4 Ways To Allow Your eLearners To Bloom

4 Ways To Allow Your eLearners To Bloom
Summary: While it is common practice to incorporate tasks from Bloom’s lower order objectives into eLearning, educators and learning professionals often have difficulty leveraging eLearning to involve the model’s higher order tasks. This article will illustrate 4 scalable ways to attain higher order cognitive objectives through eLearning.

Allow Your eLearners To Bloom

Help your learners reach their Bloom’s potential through scalable, interactive eLearning.

Bloom’s Taxonomy is used widely for classifying the different objectives that educators set for learners. Since Bloom’s lower order cognitive objectives (knowledge, comprehension, and application) are all fairly straightforward to do online, they make up the bulk of current online training tasks. However, it often surprises me how quickly Bloom’s higher order cognitive tasks get overlooked when developing online training. The one exception here is the use of branched scenarios, which are fantastic but can’t be forced into every training topic we need to cover as educators.

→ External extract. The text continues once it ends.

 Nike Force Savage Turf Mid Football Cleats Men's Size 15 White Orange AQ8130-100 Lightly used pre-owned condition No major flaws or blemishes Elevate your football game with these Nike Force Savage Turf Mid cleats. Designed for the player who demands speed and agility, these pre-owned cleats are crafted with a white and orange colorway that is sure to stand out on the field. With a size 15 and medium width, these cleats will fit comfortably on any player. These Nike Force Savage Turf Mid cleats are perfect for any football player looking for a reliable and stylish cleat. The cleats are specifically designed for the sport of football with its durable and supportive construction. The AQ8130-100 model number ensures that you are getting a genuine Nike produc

Bloom’s higher order cognitive skills (analyze, evaluate, and create) are heavily focused on critical thinking. These, in order, ask learners to analyze situations based on their lower order knowledge, select and choose between presented options (listing and ordering with explanations), and propose new solutions or present a critical analysis of situation ideas. Since most higher order tasks require feedback from a teacher, an instructor, or a more knowledgeable other (MKO), this often gets a little tricky (but not impossible!) to facilitate and scale through eLearning.

Many learning professionals avoid using eLearning for these higher order tasks due to technological constraints, time or budget constraints, or simply because they just haven’t thought of some of the ways you can use eLearning to achieve the higher order objectives. There are, in fact, a few very effective ways to solve the problem of using eLearning to capture higher order cognitive objectives that we use often with our clients at Learnkit.

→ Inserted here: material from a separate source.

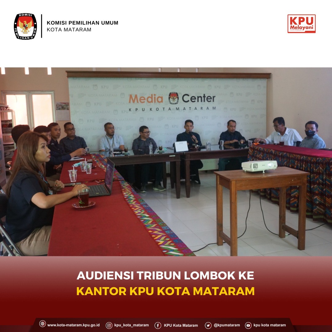 #TemanPemilih, Selasa (21/06) Bertempat di Ruang Media Center, Ketua KPU Kota Mataram, M. Husni Abidin didampingi Anggota KPU Kota Mataram serta Sekretaris dan Kepala Subbagian Teknis Penyelenggaraan Pemilu, Partisipasi dan Humas menerima kedatangan rombongan dari TribunLombok.com.

Reach Full Bloom Through eLearning

Solutions to the higher order objective challenge will involve some social participation, comparing against pre-prepared answers then rating confidence, or self-reflection, and doesn’t demand much in terms of instructor time and resources.

Here are 4 ways to create impactful, scalable eLearning that will allow your eLearners to bloom:

  1. Compare and contrast answers.
    Users are given a question to answer in long-form. Rather than have someone mark it, they compare their answer against a pre-prepared answer, and then compare and contrast the two. Users rate their confidence afterwards – this reflective activity is useful for engagement and retention. Great for the analyze stage tasks.
  2. Case studies.
    A bit more scaffolded than the option above. Have students read through a case study and then answer a series of questions. If it is a real-life case study then they can even evaluate choices, and once again check against a pre-prepared answer. The longer, step-by-step nature of case studies make them great for the evaluation stage tasks. This is a nice twist on standard branched scenarios that allows learners to stretch their critical thinking muscles.
  3. Reflective journals.
    We all know people love to talk about themselves! Students are asked to personalize the answers to questions based on their own unique experiences and current work situations. These are great once students have progressed to the create stage tasks. Answers can stay personal, or they can choose to share if they want. At this stage, the act of writing and thinking about the questions is enough to help consolidate learning in adults.
  4. Small projects submitted to a community.
    Higher order tasks can be given as small projects to be shared with the learning community upon completion. For example, eLearners may be asked to come up with a new sales plan or to critique a customer service conversation. Once completed and submitted to the community, instructors can rely on a small group of super-users who emerge in most online communities to provide feedback. Fortunately these super-users are often MKOs, which removes the need for an instructor, lets trainers act as moderators, and let’s this type of task become scalable.

While these higher order tasks may not give us the raw quantitative data we’re used to seeing when we stick with lower order tasks, there is something to be said for letting our learners flex their muscles and start personalizing their responses and experiences with eLearning. As long as we are providing feedback gates along the way, we should be able to incorporate higher order tasks and let our learners Bloom.